Task: Every line from the one with "UPR pathway markers" up to and including the one with "This soft beige" is to be output exactly as it appears below; pictures are not.

─── Data in this exercise

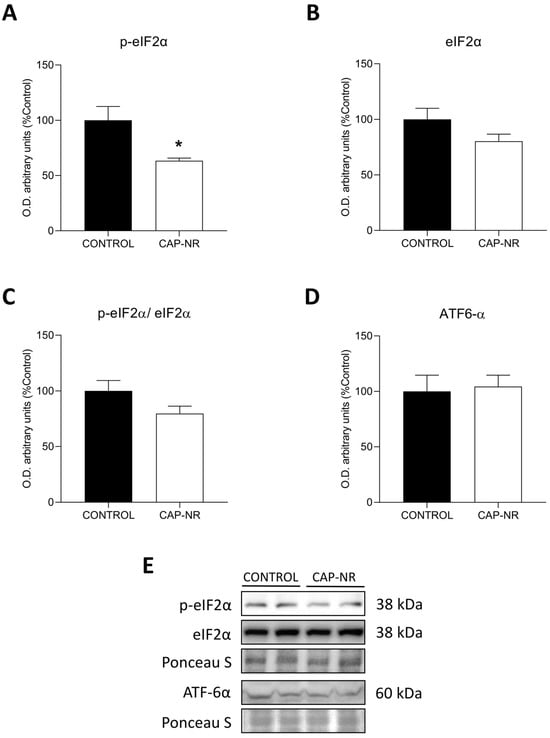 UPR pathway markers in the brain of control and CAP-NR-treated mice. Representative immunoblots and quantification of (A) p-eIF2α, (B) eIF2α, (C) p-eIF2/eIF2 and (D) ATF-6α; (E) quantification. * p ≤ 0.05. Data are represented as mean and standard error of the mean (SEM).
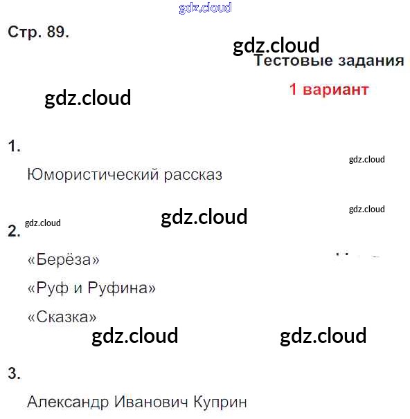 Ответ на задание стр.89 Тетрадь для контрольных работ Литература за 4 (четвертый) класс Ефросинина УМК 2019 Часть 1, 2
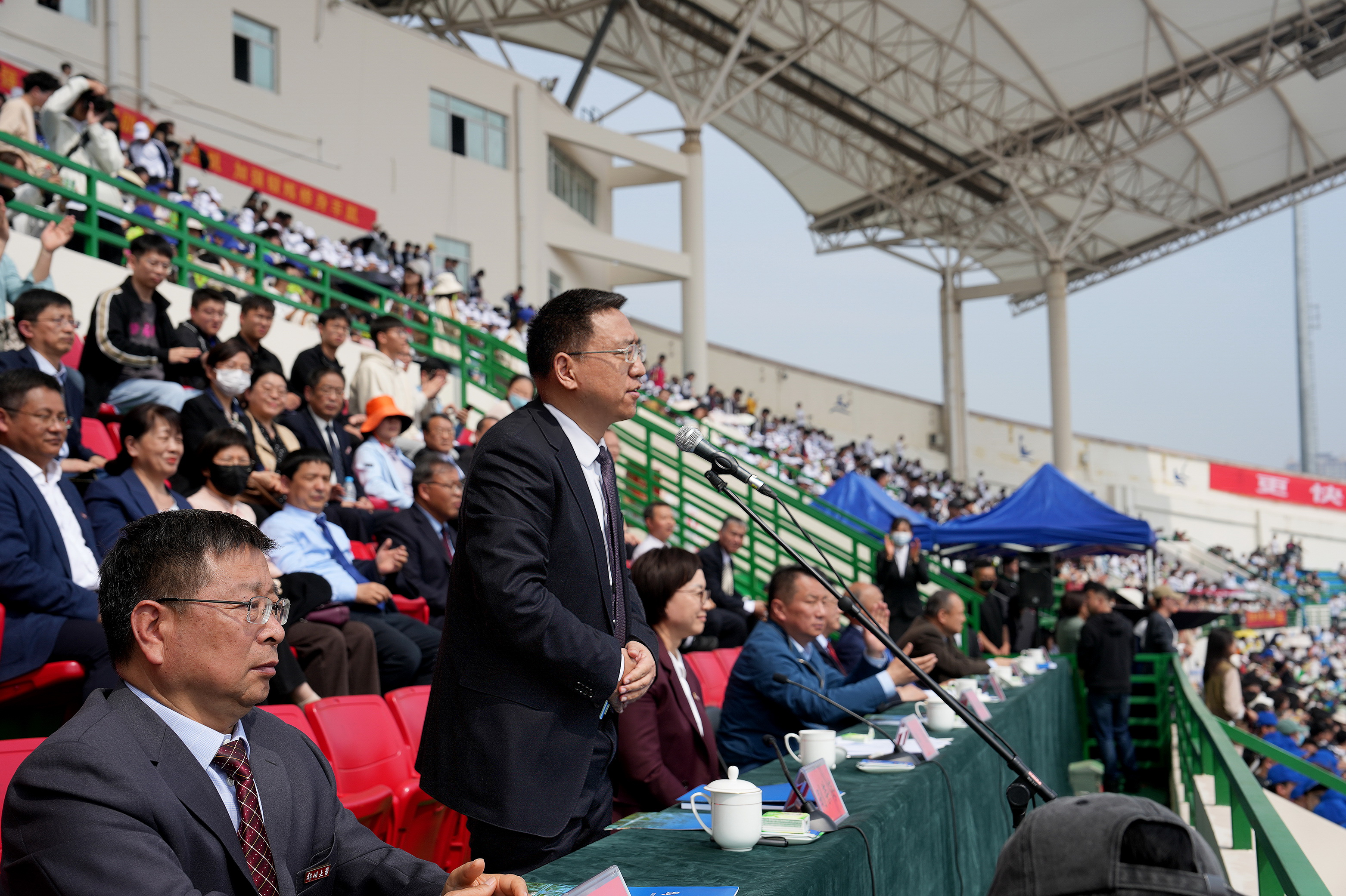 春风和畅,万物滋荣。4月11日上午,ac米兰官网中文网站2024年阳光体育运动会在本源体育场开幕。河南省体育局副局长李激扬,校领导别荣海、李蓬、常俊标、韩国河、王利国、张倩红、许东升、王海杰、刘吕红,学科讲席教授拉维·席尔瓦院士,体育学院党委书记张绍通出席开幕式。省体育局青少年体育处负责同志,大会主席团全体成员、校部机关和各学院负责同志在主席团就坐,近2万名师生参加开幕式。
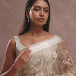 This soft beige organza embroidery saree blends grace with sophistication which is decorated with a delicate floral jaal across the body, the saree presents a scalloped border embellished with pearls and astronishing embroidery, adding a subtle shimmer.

──────
─── Data in this exercise

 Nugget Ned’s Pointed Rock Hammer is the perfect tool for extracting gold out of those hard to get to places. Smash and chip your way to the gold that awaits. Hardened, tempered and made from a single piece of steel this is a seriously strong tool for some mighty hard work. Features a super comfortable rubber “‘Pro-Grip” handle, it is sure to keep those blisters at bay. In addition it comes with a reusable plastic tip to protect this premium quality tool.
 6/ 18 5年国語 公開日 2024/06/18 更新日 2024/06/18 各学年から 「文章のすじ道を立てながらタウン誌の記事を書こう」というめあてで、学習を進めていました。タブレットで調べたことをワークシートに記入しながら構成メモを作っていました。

──────

Exercise output:
 UPR pathway markers in the brain of control and CAP-NR-treated mice. Representative immunoblots and quantification of (A) p-eIF2α, (B) eIF2α, (C) p-eIF2/eIF2 and (D) ATF-6α; (E) quantification. * p ≤ 0.05. Data are represented as mean and standard error of the mean (SEM).
 Ответ на задание стр.89 Тетрадь для контрольных работ Литература за 4 (четвертый) класс Ефросинина УМК 2019 Часть 1, 2
 春风和畅,万物滋荣。4月11日上午,ac米兰官网中文网站2024年阳光体育运动会在本源体育场开幕。河南省体育局副局长李激扬,校领导别荣海、李蓬、常俊标、韩国河、王利国、张倩红、许东升、王海杰、刘吕红,学科讲席教授拉维·席尔瓦院士,体育学院党委书记张绍通出席开幕式。省体育局青少年体育处负责同志,大会主席团全体成员、校部机关和各学院负责同志在主席团就坐,近2万名师生参加开幕式。
 This soft beige organza embroidery saree blends grace with sophistication which is decorated with a delicate floral jaal across the body, the saree presents a scalloped border embellished with pearls and astronishing embroidery, adding a subtle shimmer.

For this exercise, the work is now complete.